The Arctic does not usually have lightning bolts that can cause thunderstorms and wildfires, but since 2010, the Arctic summer lightning incident has tripled,” he writes. “In recent years, lightning has even hit less than 6,000 people in the Arctic.” IT SEM, a rising temperature in the region, has promoted more frequent and longer storms.
The first chapter, entitled “Ice Is Hot,” names the glacier experts from the description given to Shubin by Sridhar Anandakrishnan during an expedition to the McMurdo Station in Antarctica. Water is a solid, liquid, or gas in a rather narrow temperature spectrum, and he is handed over and “due to the physics of the molecule, ice gets hot with the heat of the temperature required to dissolve in the liquid”, especially with other materials such as steel. Also, ice under high pressure melts at even lower temperatures, so the bottom layer of the glacier is “in a melted state.”
The ever-changing nature of ice is a recurring theme. Glacier ice can be multiple at once in a variety of places. Liquid, some solid. It can be met, breathed, endured, and acted like a gel. It goes against a simple explanation, and Shubin notes that Inuktitat language uses different combinations of words and phrases to explain the different properties and properties of ice.
We explored an astounding variety of plants, insects and animals that have adapted to polar water. Arthur DeBrees, for example, was a physiologist at the University of Illinois who worked at McMurdo Station in the 1960s and found an attractive protein in the blood of icefish. This protein had a structure that allowed it to bind to ice crystals to prevent cells from growing and damaging.

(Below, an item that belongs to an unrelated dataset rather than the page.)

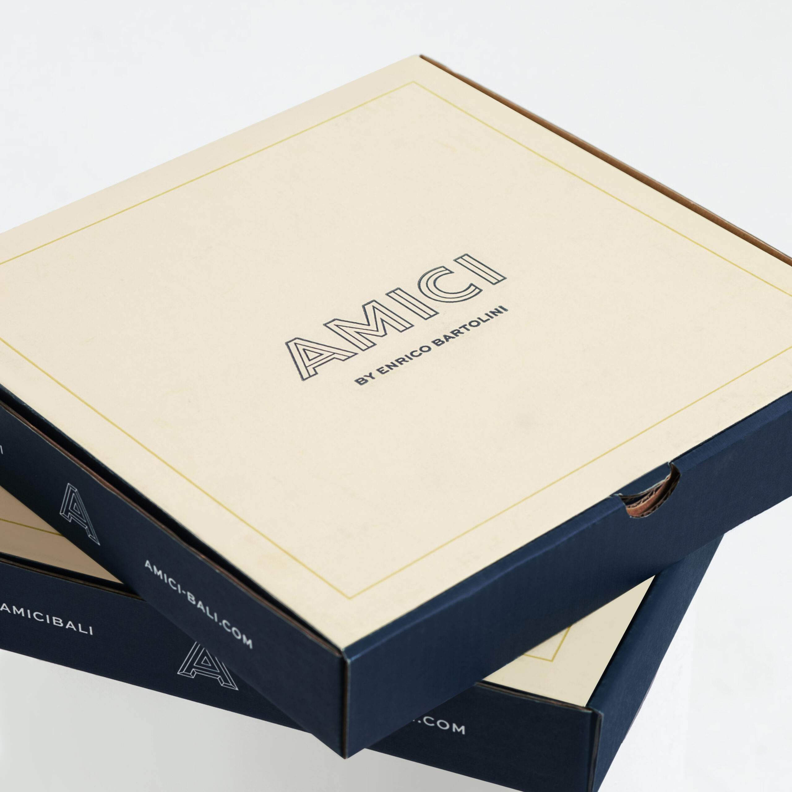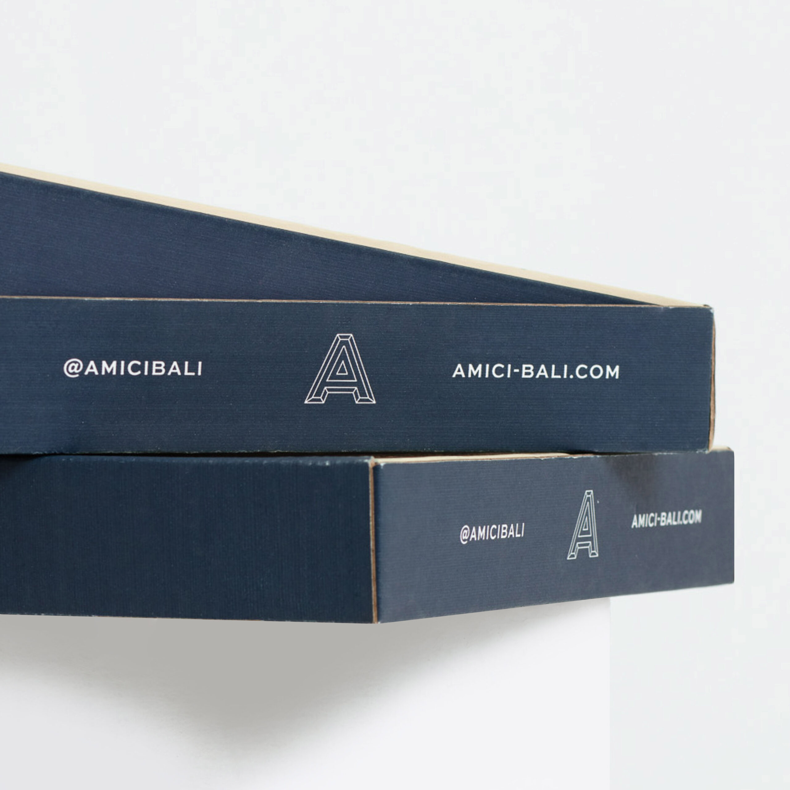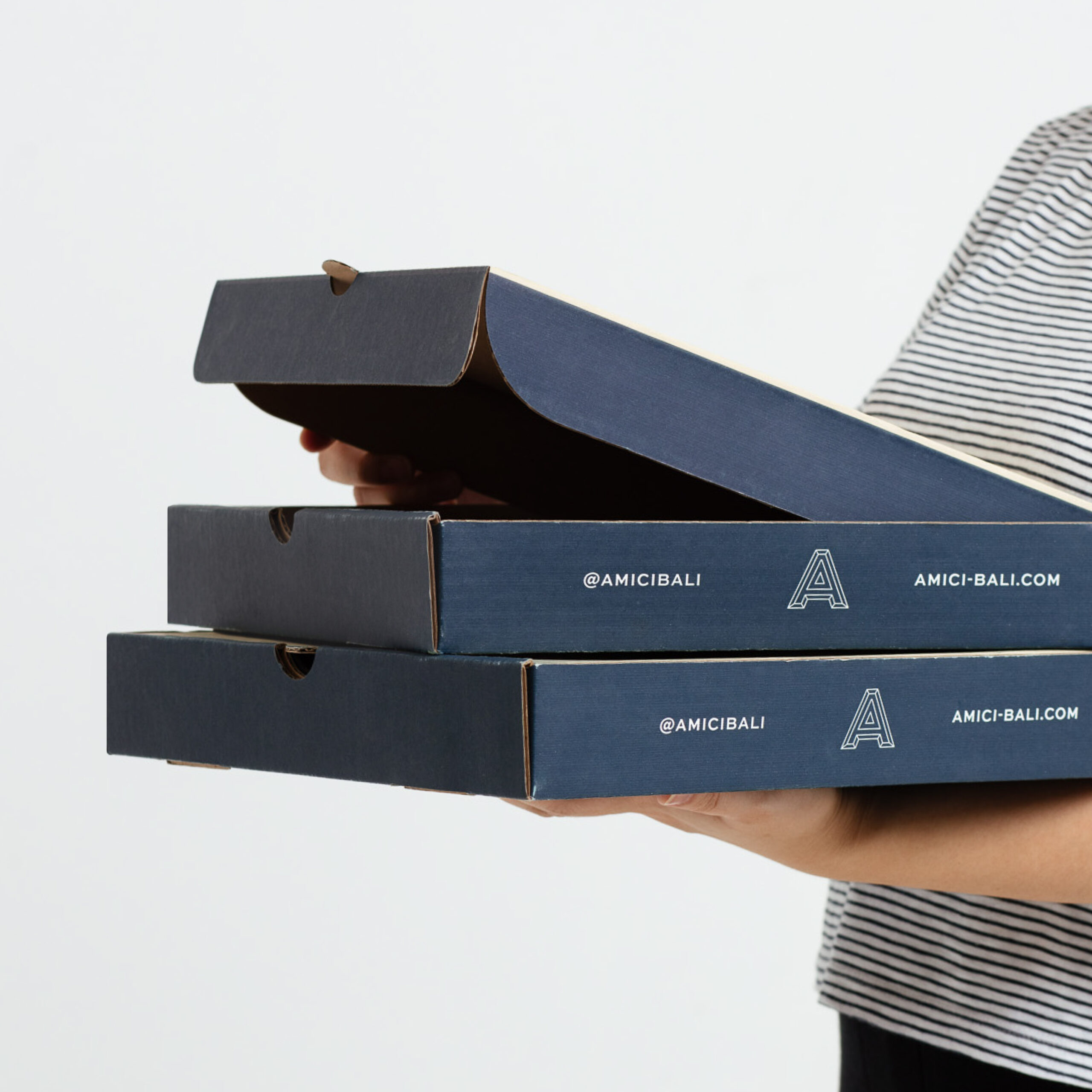 Corrugated box for AMICI’s pizzas, an italian restaurant based in Bali, Indonesia.

When he and his colleagues arranged the proteins, they found it was roughly the same as the digestive proteins of fish liver. “This liver protein was reused in antifreeze in Icifish’s Ancets due to some small mutations over time,” I concluded. Since then, the variety “antiphase compounds have been found in a variety of fish, insects, plants and fungi that live in both the Northern and Antarctic regions.”

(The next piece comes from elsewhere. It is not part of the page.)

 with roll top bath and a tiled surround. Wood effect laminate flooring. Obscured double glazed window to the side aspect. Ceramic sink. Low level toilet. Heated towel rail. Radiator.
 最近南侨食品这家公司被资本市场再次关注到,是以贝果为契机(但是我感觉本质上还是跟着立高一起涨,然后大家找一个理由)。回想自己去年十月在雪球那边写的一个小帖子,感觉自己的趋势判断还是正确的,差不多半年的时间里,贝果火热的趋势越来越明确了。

But the poles don’t just provide clues to how to live on Earth. Since the first met stone was discovered in Antarctica in 1912, more than 50,000 people have been recovered from Antarctica, providing a glimpse into the history of space. Planets and others.
Shubin’s direct response to the effects of global warming on the polar regions is only towards the end. Permafrost, the ground that has been frozen or under frozen for at least two years, accounts for about 15 peccents in the Northern Hemisphere. If it melts, the results can be devastating. “Melting permafrost changes the landscape, and liquid water reduces the volume of ice. One of the craters of Batagai in the Far East of Russia began to form in the 1970s and is now about half a mile long, expanding 20 feet each year.

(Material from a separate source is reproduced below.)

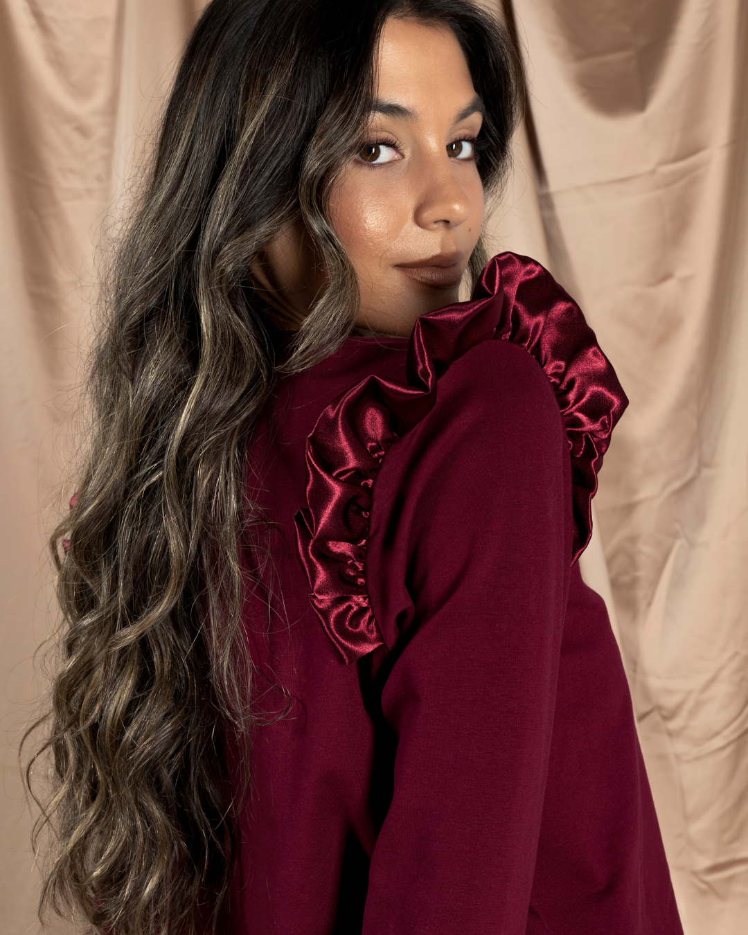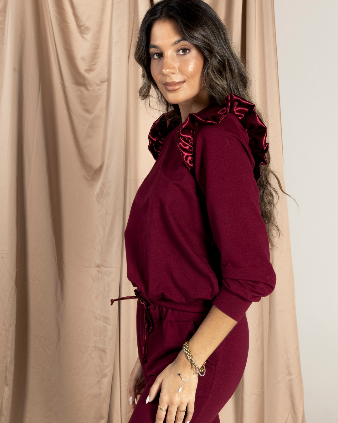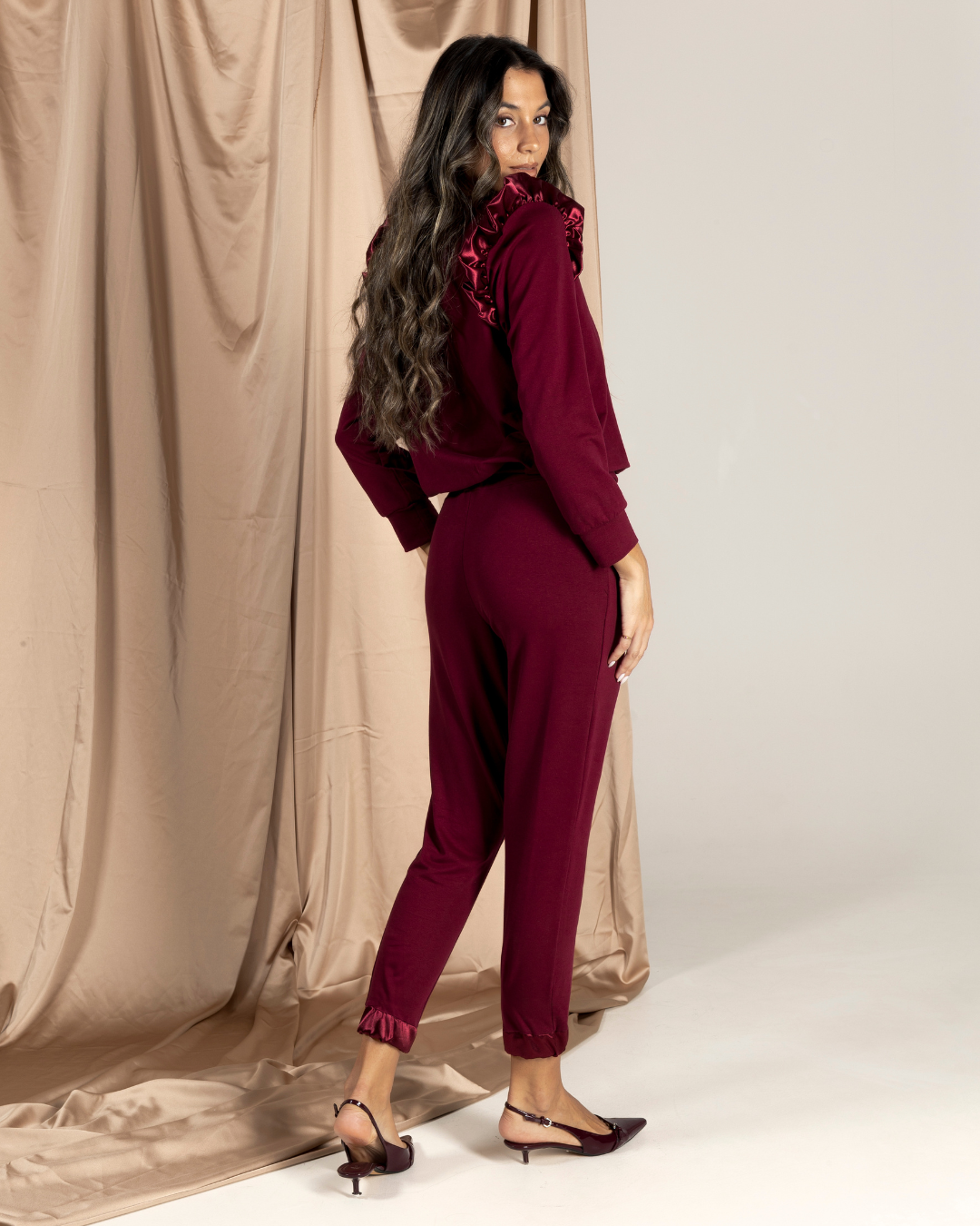 O conjunto/fato de treino que não parece de 2 peças best-seller desde 2020 pela última vez a este valor. Camisola com punhos altos, onde pode inspirar-se com a afirmação Believe In You bordada em linha lurex dourada do lado do coração. Folhos nos ombros em tecido acetinado bordeaux. Calças com bolsos, cintura em elástico a aperto com cordão em tecido acetinado bordeaux. Tornozelos com punho elástico em tecido acetinado bordeaux

Meanwhile, Arctic communities are learning to adapt as best as strategies that involve relocation. The erosion of water and land in Encloakulasi forced the villages below Askan to undergo complicated processes of moving the entire town, making them even more complicated in remote areas. The Newtok community is successfully lobbying the federal government’s Emergency Management Agency to help secure federal funding and establish new villages, Shubin writes, but building housing remains a challenge. In December 2024, with nearly 20 families living in a temporary small home on the Newtown Site, Newtok’s critical infrastructure was turned and the final packaging of nearly 400 residents was finished.
As Shubin shows in “the edge of the earth,” harsh polar regions pose extreme challenges not only for humans but for all living things. But through adaptation, life finds its way. “Polar success and longevity are completely different subjects from other places,” Schvin reflects in the final chapter of the book. “It’s a story of survival of resilience.”